─── Supplied material ───

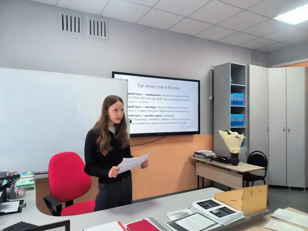 Софья Бородулина представила вниманию класса свой мини-гид по миру цифровых профессий. Ранее Софья провела анкетирование среди одноклассников и выяснила, что многие хотели бы связать свою жизнь с IT, но плохо ориентируются в многообразии специальностей. В своем выступлении «IT-навигатор» она рассказала о профессиях тестировщика, UX/UI-дизайнера и аналитика данных, а также о том, где можно получить соответствующее образование.
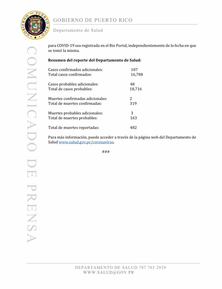(20/octubre) La muerte confirmada por #COVID19 reportada en el informe de hoy, ocurrió el 18 de octubre. Corresponde a una mujer de 61 años, de la región de Bayamón. #PuertoRico
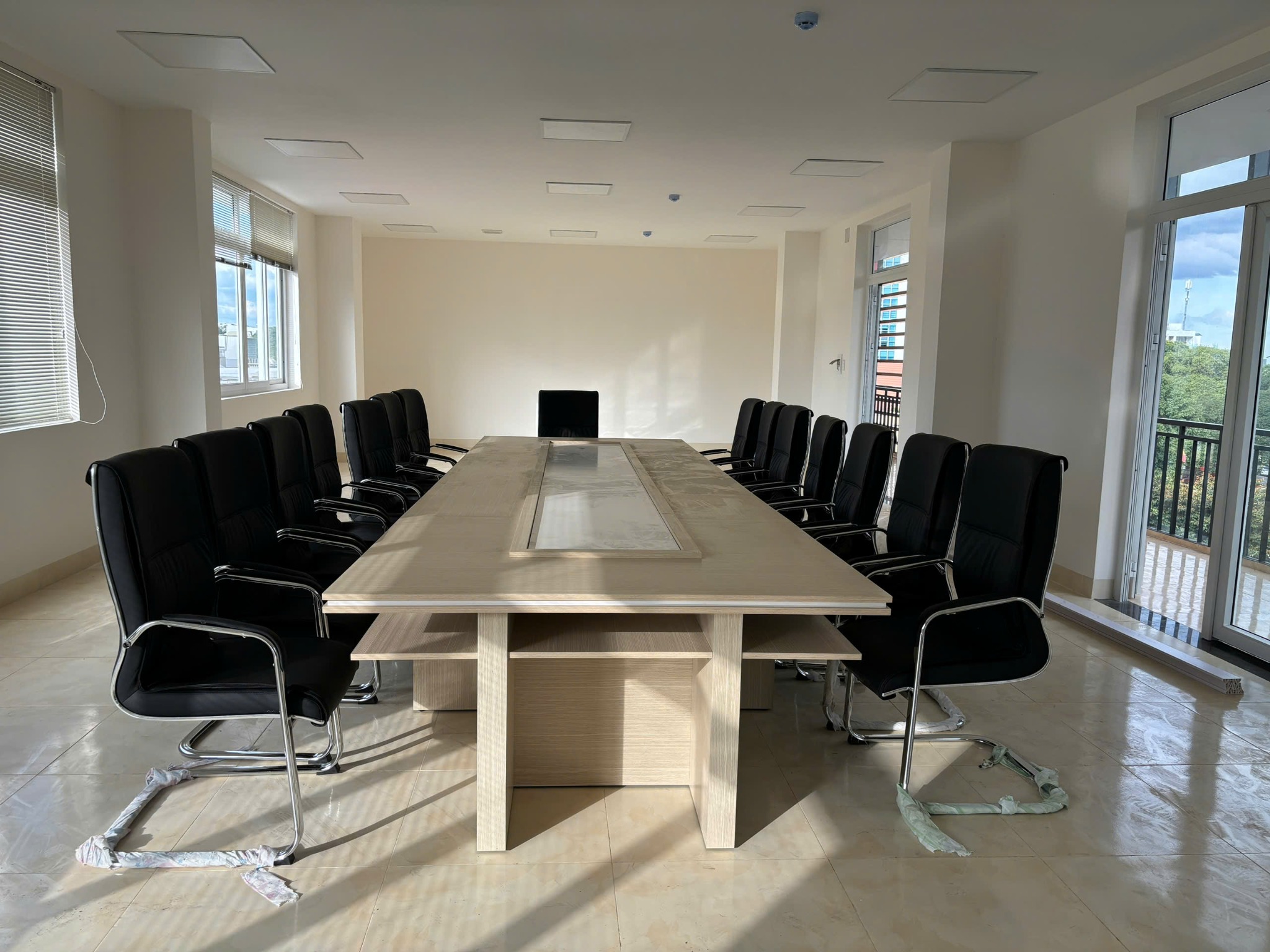 Kiểu dáng: Bàn họp lớn, mặt bàn ghép tạo điểm nhấn giữa. Chân bàn ghép hộp chắc chắn.
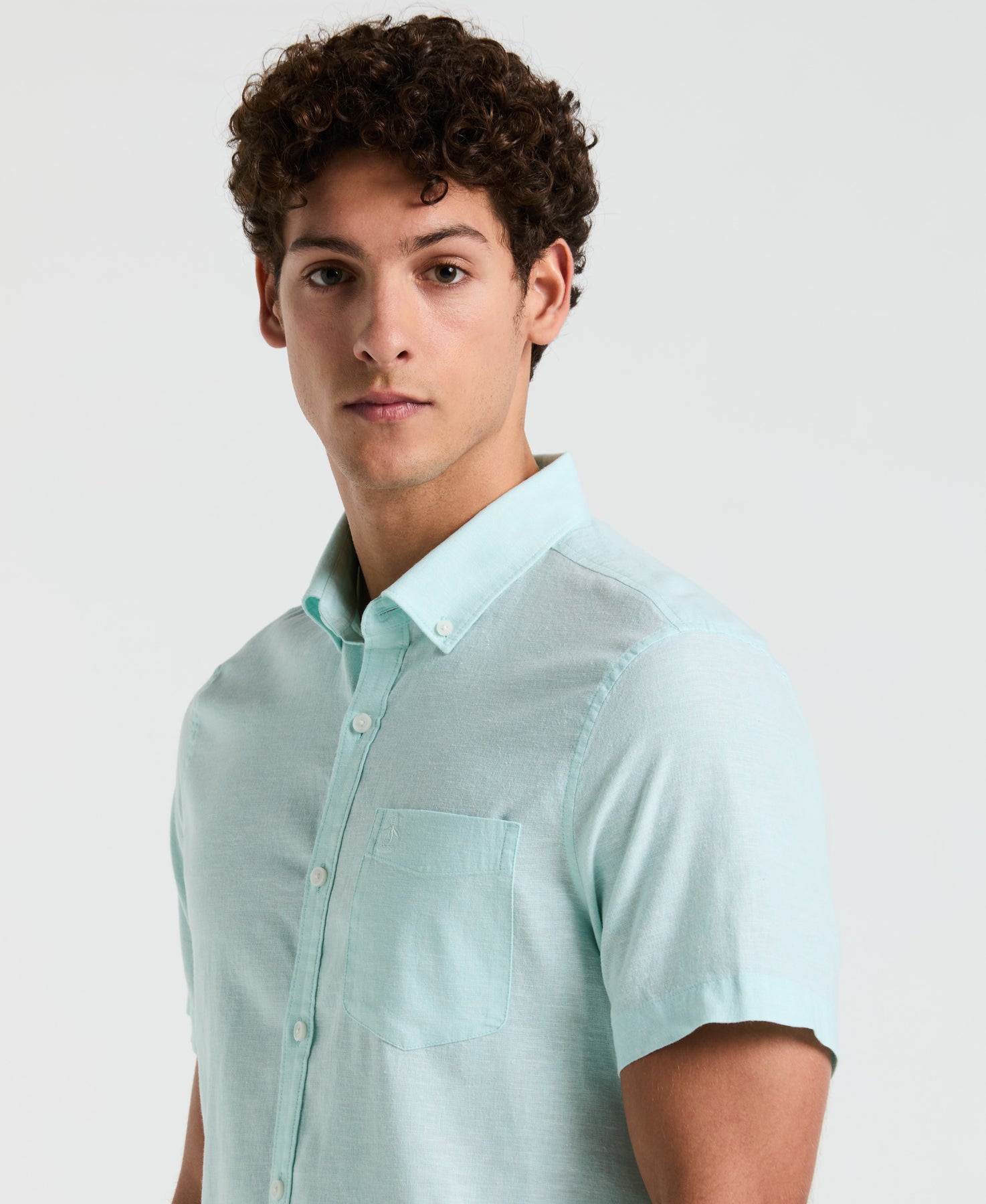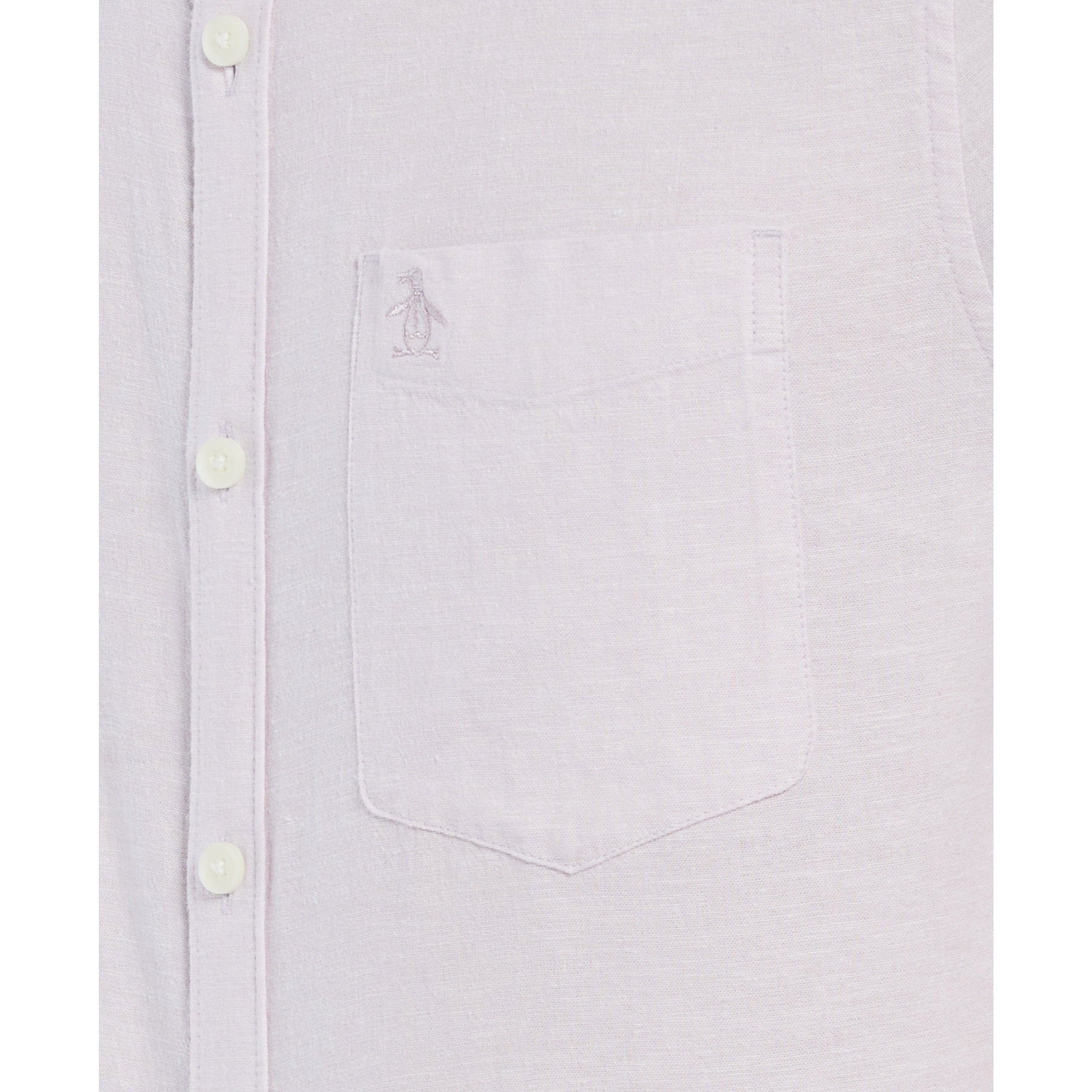 Stay cool and comfortable on your next sunny adventure with this breathable linen blend shirt from Original Penguin. The men’s short sleeve shirt is crafted from a plain weave fabric for impressive durability. It has a hint of stretch for a flexible fit, and the collar buttons down to keep your look sharp and put-together. Featuring a versatile solid-colored design, it’s easy to pair with your existing warm weather apparel.
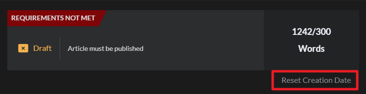 - Scroll to the bottom of the challenge widget and click on Reset Creation Date. This process will update the creation date of the article to the current date.
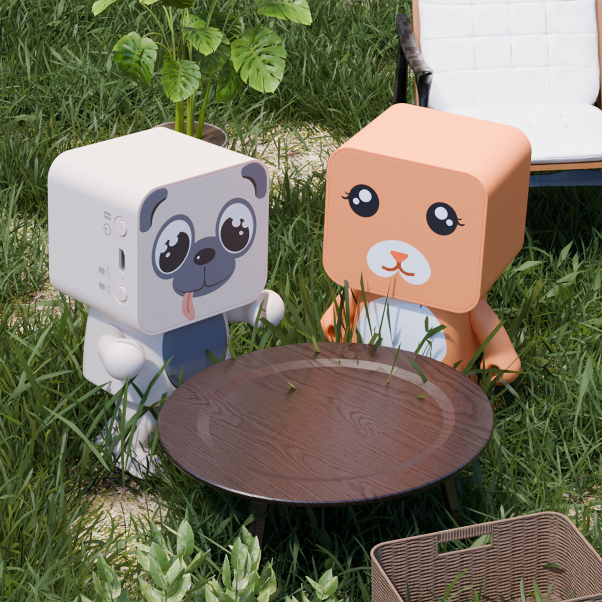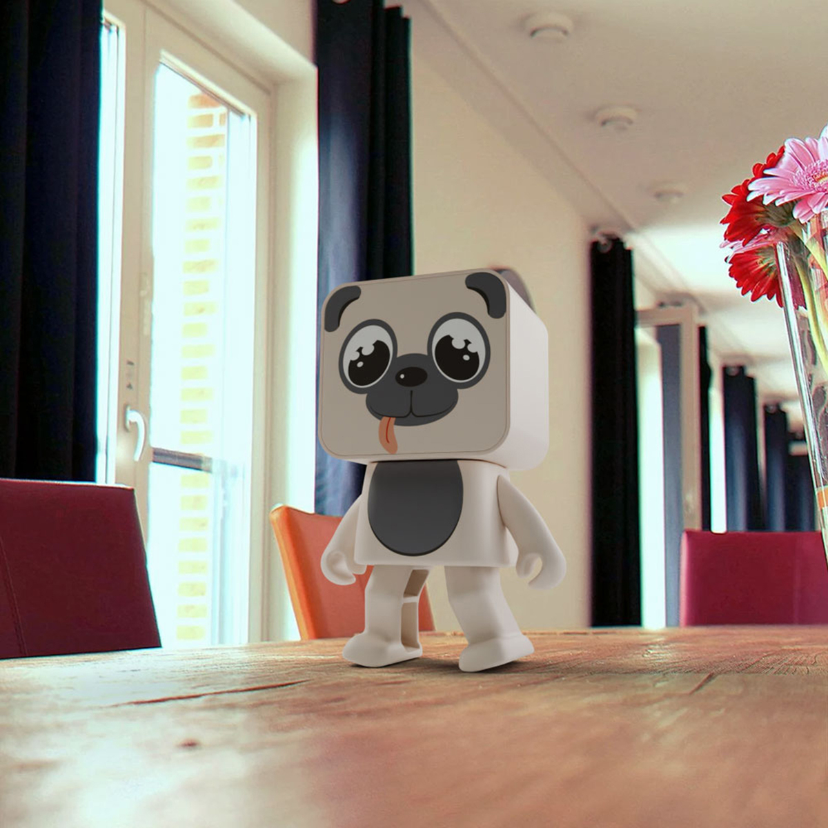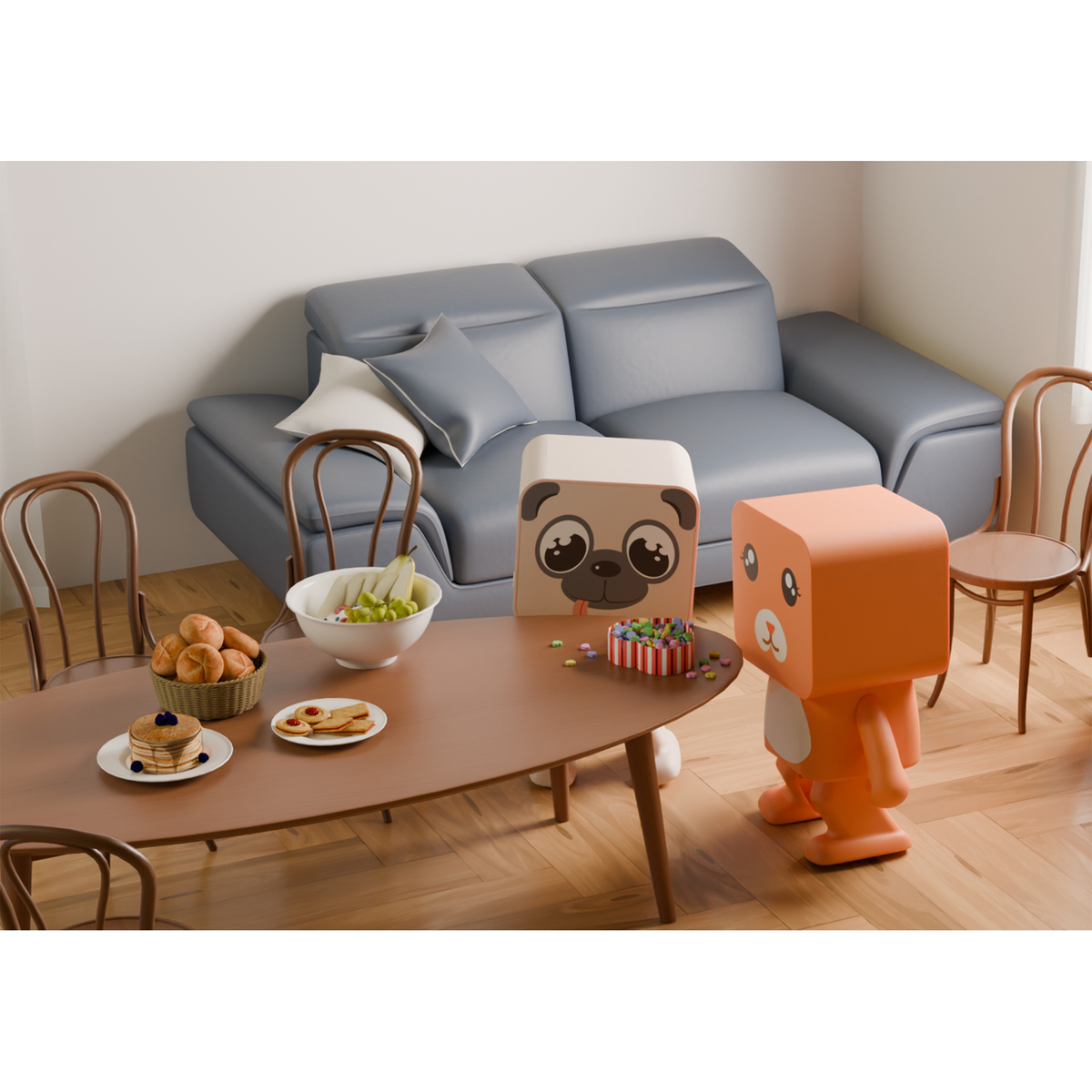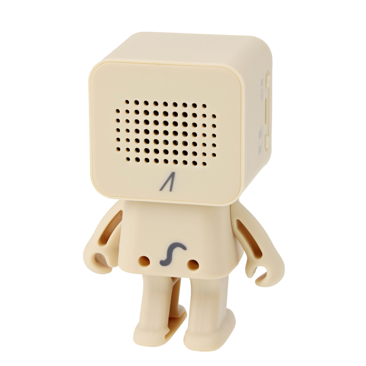 再生音(音楽等)に合わせてダンスするスピーカー。ダンスのスピードは「通常スイング」「少し早いスイング」の2パターンで、「ON OFFボタン」を押すごとに、通常スイング→少し早いスイング→停止の順で切り替わります。スマートフォンとはブルートゥースで接続します(スマートフォンがBluetooth対応機種であること)

───

Work task
Go back to the entries above and restate word for word every line from the first through the one that contains "Kiểu dáng: Bàn", leaving the pictures behind.

Reply to the exercise
 Софья Бородулина представила вниманию класса свой мини-гид по миру цифровых профессий. Ранее Софья провела анкетирование среди одноклассников и выяснила, что многие хотели бы связать свою жизнь с IT, но плохо ориентируются в многообразии специальностей. В своем выступлении «IT-навигатор» она рассказала о профессиях тестировщика, UX/UI-дизайнера и аналитика данных, а также о том, где можно получить соответствующее образование.
(20/octubre) La muerte confirmada por #COVID19 reportada en el informe de hoy, ocurrió el 18 de octubre. Corresponde a una mujer de 61 años, de la región de Bayamón. #PuertoRico
 Kiểu dáng: Bàn họp lớn, mặt bàn ghép tạo điểm nhấn giữa. Chân bàn ghép hộp chắc chắn.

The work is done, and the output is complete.